The faith-based travel portion of the tourism market is worth an estimated $18 billion a year around the globe. The most popular destinations for Catholic pilgrimages remain, by far, the Holy Land and Europe.
Although they receive far less attention than traditional destinations, significant Catholic sights — such as the Cathedral of Santa Maria la Menor in Santo Domingo — are scattered throughout Latin America. They range from Mexico’s Basilica of Our Lady Guadalupe, considered one of the holiest places in the Americas, to breathtaking churches tucked into Andean valleys. Even the iconic symbol of Brazil’s most celebrated city, Rio de Janeiro, is a Catholic monument: Christ the Redeemer, towering over the city below, was named one of the New Seven Wonders of the World in 2007.
Within the region, religious travel has long been an important cultural event. Holy Week, marked in many countries by elaborate, somber processions, remains the busiest travel week for most countries in the region. The Guatemalan colonial city Antigua – population 45,000 – sees about 300,000 visitors that week.
Other places, such as Las Lajas Sanctuary, a nearly 300-foot tall basilica built into a ravine in southern Colombia, attract visitors year-round; many pilgrims to Las Lajas cross the border from Ecuador on pilgrimage.
Las Lajas became the poster child of the Colombian government’s effort to attract more religious tourists when it launched a “Roads of Faith” promotional campaign last year.
The campaign, which highlights events and places throughout the South American country, was aimed at drawing tourists from Spain, Italy and Latin American countries, said Ivan Mauricio Florez of the Ministry of Trade, Industry and Tourism.
The importance of promoting the destinations to tourists from around the world was highlighted in a message from the Pontifical Council for Migrants and Travelers.

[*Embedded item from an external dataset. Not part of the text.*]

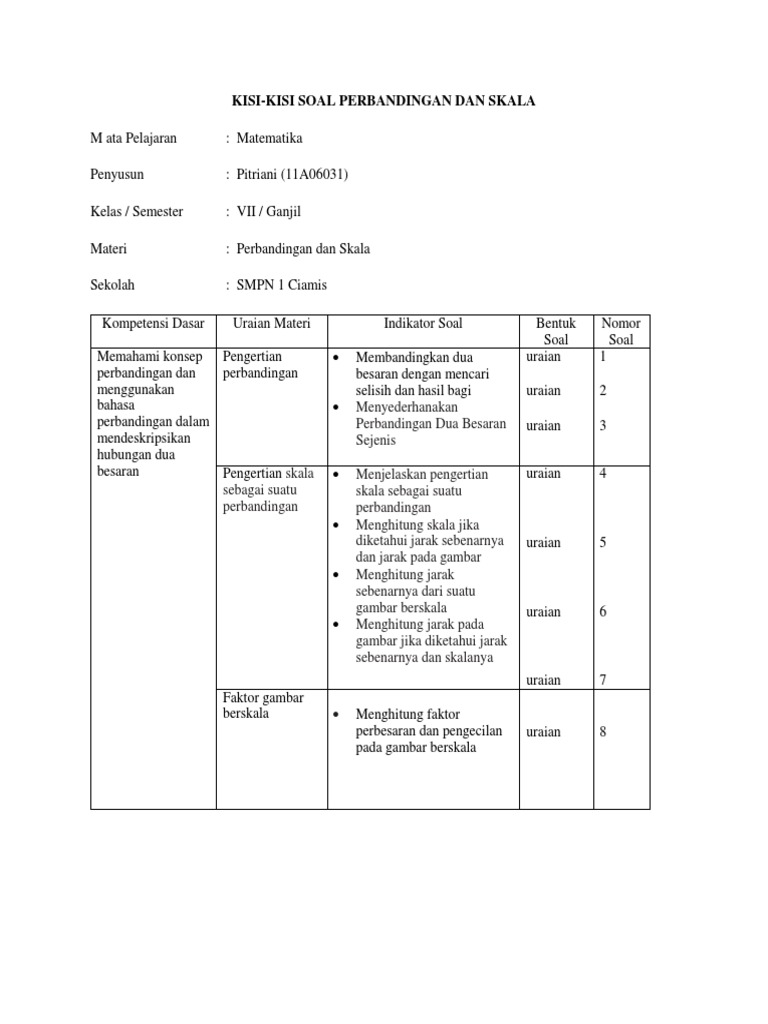 DOC) Contoh soal dan pembahasan jawaban Perbandingan dan Skala …

“It must be an objective priority of our pastoral care of tourism to show the true meaning of this cultural heritage, born from faith and for the glory of God,” said the 2011 World Tourism Day message. “We cannot allow ourselves to view the tourist visit as simply a step in pre-evangelization but, on the contrary, we must see it as a platform to realize the clear and explicit announcement of Jesus Christ.”
A pilgrimage to a holy site can be a powerful experience, said Father Robert Higgins of the Diocese of Charleston, S.C., who will serve as spiritual director for a five-day pilgrimage to Mexico City this month.

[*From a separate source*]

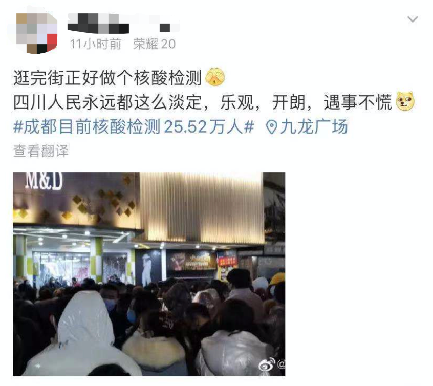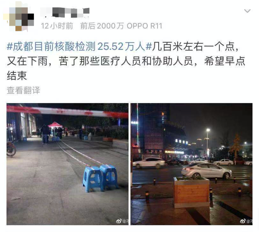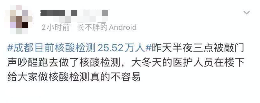 社交媒體上,不少成都市民分享了自己進行核酸檢測的經歷,“醫護人員真的很辛苦”。↓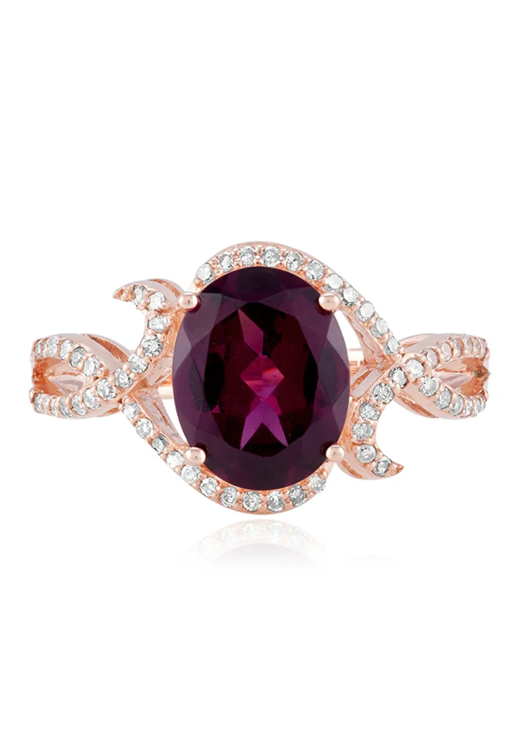 Metal:14K Gold Metal Color:RoseStone: Oval Garnet 2.85 Stone 2: Round Diamond 0.26Effy Bordeaux 14K Rose Gold Rhodolite …

“Mass is Mass, and that doesn’t change from place to place. But when you’re saying it at the site of a holy ground, a holy place, it gives the sense of connection leading back 2,000 years,” said Father Higgins, who has made several pilgrimages and visited Mexico more than 100 times. The experience can “bring your core, spirit and life into focus.”

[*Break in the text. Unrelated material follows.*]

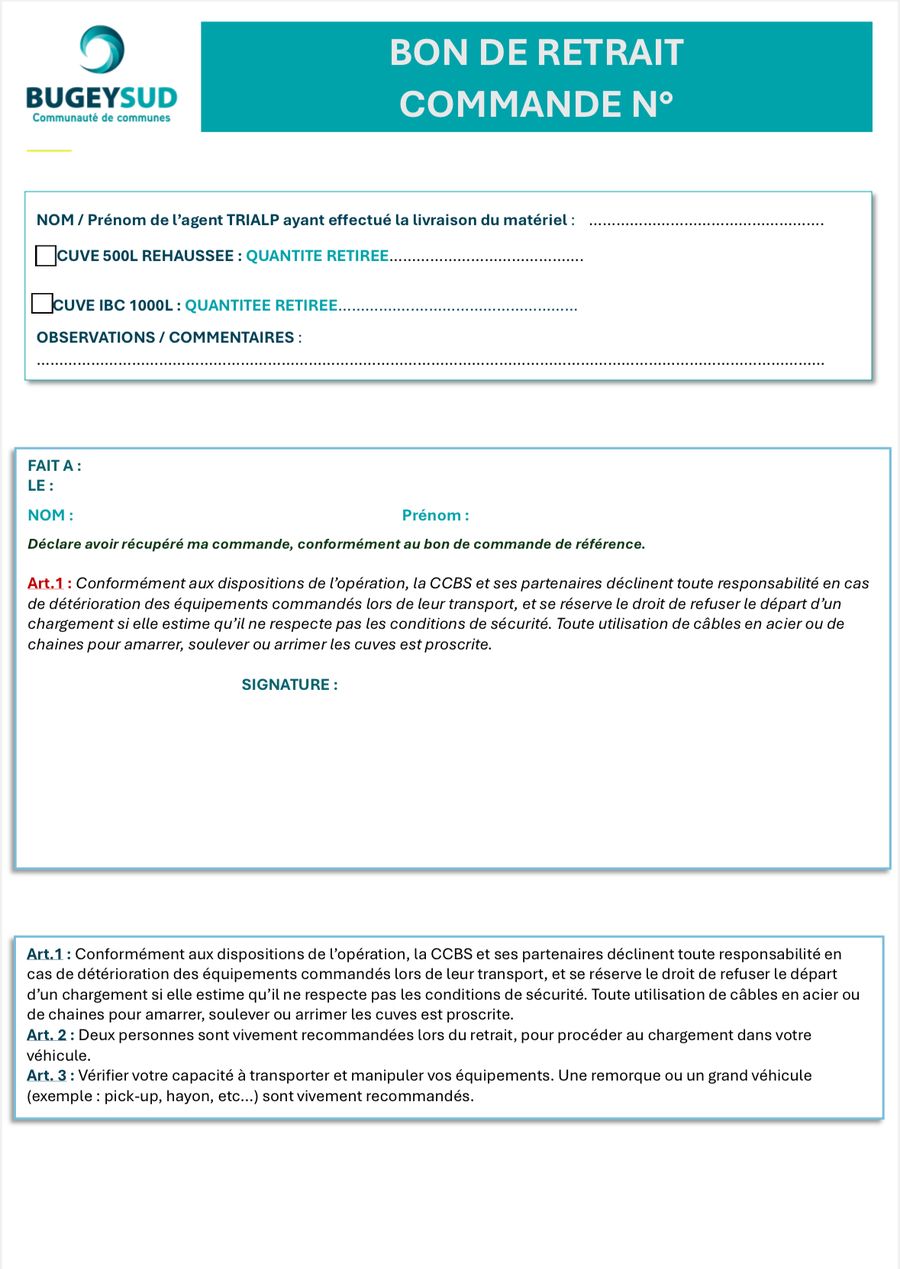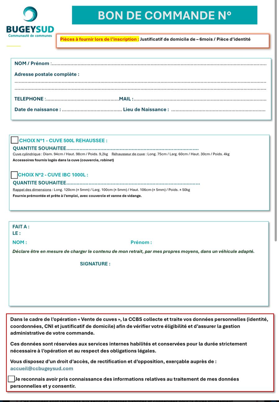 Télécharger sur le site internet de la communauté de communes BUGEY SUD le bon de commande et le remplir

The Guadalupe basilica, which the group will visit, is considered among the most holy places in the Western Hemisphere and has drawn visits from dignitaries such as U.S. President John F. Kennedy. The Virgin Mary appeared to St. Juan Diego at the site in 1531.
The basilica is one of the most-visited Catholic holy places in the Americas, but Father Higgins said there is still a sense of simplicity in Latin American holy places that is not found in Europe.
“You still find beautiful structures with all the gold and marble, but in Latin America it’s in a more muted fashion,” he said. “There is a level of simplicity and humility you find there.”